*INPUT FOR THIS TASK*
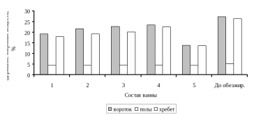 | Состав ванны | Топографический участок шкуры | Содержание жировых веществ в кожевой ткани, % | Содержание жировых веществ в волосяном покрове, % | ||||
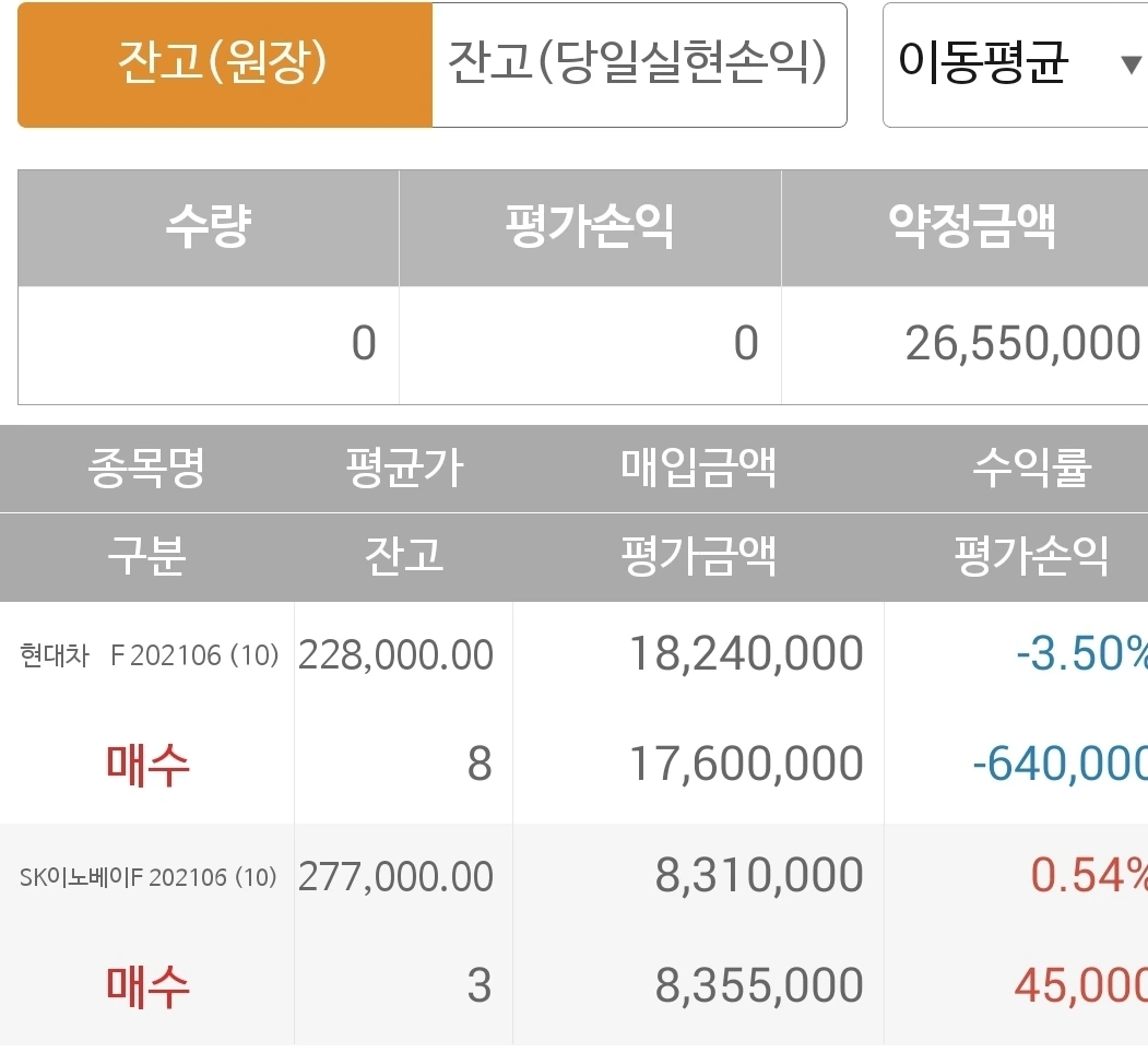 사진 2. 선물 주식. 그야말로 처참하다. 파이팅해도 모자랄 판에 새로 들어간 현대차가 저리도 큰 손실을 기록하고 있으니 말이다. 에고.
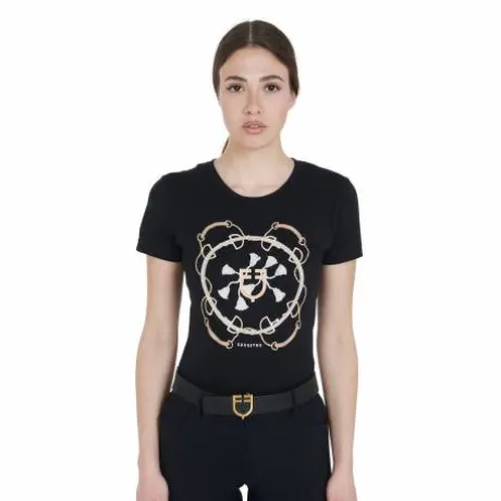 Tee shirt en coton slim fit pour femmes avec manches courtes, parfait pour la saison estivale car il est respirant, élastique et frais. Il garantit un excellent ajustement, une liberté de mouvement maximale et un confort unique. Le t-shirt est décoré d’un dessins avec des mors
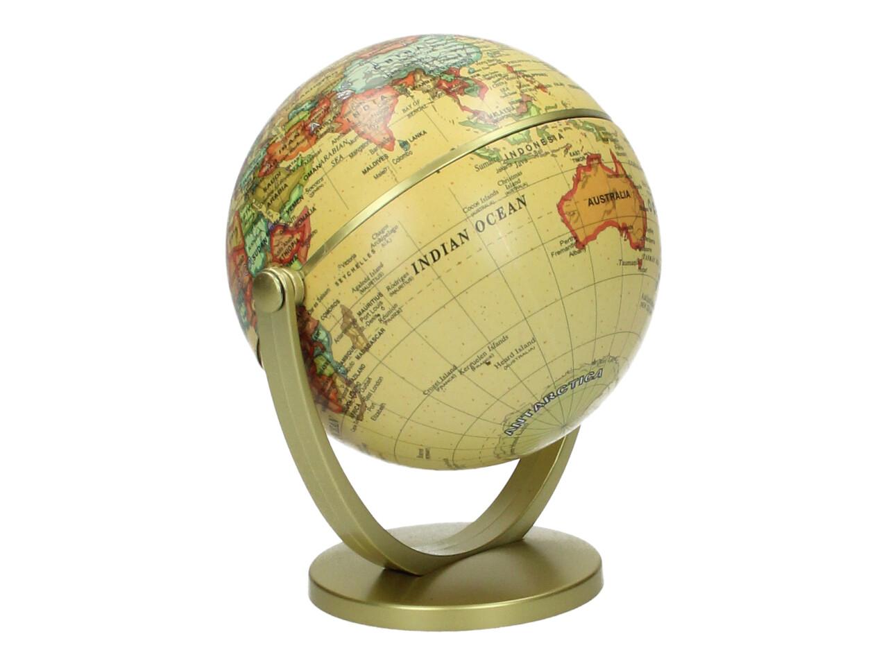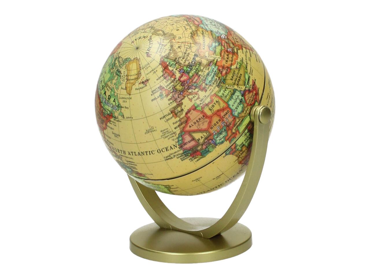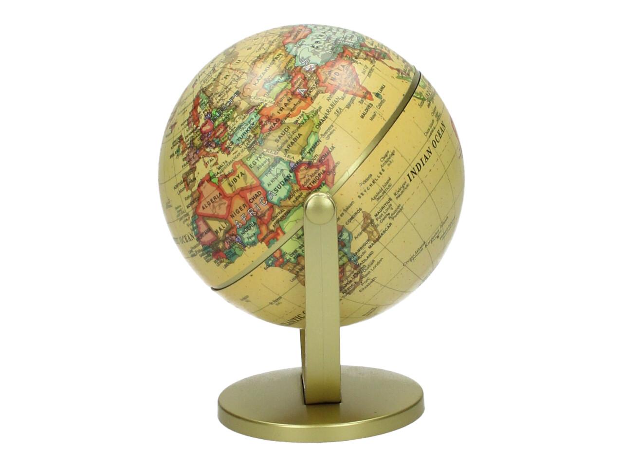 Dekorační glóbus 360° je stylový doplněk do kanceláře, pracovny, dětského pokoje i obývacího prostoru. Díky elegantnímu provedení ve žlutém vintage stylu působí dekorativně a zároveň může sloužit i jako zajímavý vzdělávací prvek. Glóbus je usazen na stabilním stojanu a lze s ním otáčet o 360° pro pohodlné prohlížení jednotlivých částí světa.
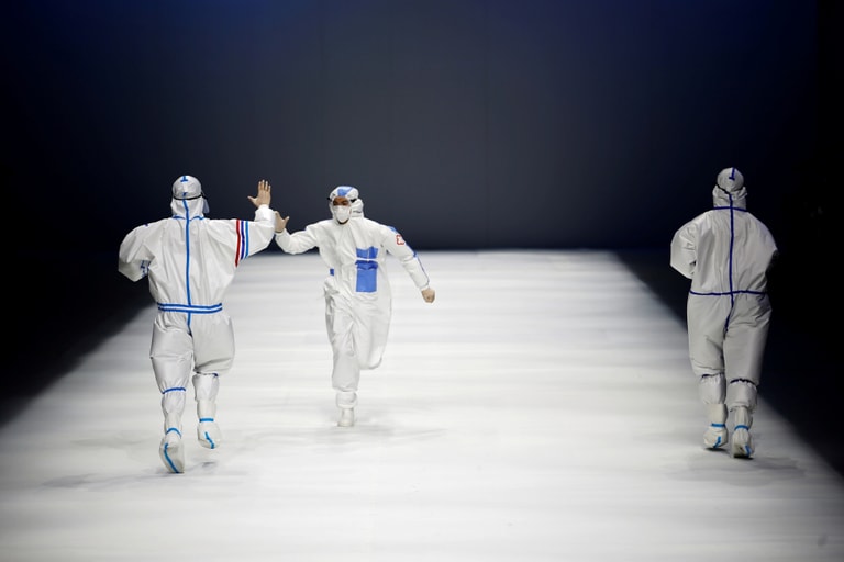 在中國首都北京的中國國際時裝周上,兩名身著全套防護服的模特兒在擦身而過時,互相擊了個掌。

*WHAT THE EXERCISE ASKS*
Without altering a word, return all of the records above and leave out their pictures.

*OUTPUT BELOW*
 | Состав ванны | Топографический участок шкуры | Содержание жировых веществ в кожевой ткани, % | Содержание жировых веществ в волосяном покрове, % | ||||
 사진 2. 선물 주식. 그야말로 처참하다. 파이팅해도 모자랄 판에 새로 들어간 현대차가 저리도 큰 손실을 기록하고 있으니 말이다. 에고.
 Tee shirt en coton slim fit pour femmes avec manches courtes, parfait pour la saison estivale car il est respirant, élastique et frais. Il garantit un excellent ajustement, une liberté de mouvement maximale et un confort unique. Le t-shirt est décoré d’un dessins avec des mors
 Dekorační glóbus 360° je stylový doplněk do kanceláře, pracovny, dětského pokoje i obývacího prostoru. Díky elegantnímu provedení ve žlutém vintage stylu působí dekorativně a zároveň může sloužit i jako zajímavý vzdělávací prvek. Glóbus je usazen na stabilním stojanu a lze s ním otáčet o 360° pro pohodlné prohlížení jednotlivých částí světa.
 在中國首都北京的中國國際時裝周上,兩名身著全套防護服的模特兒在擦身而過時,互相擊了個掌。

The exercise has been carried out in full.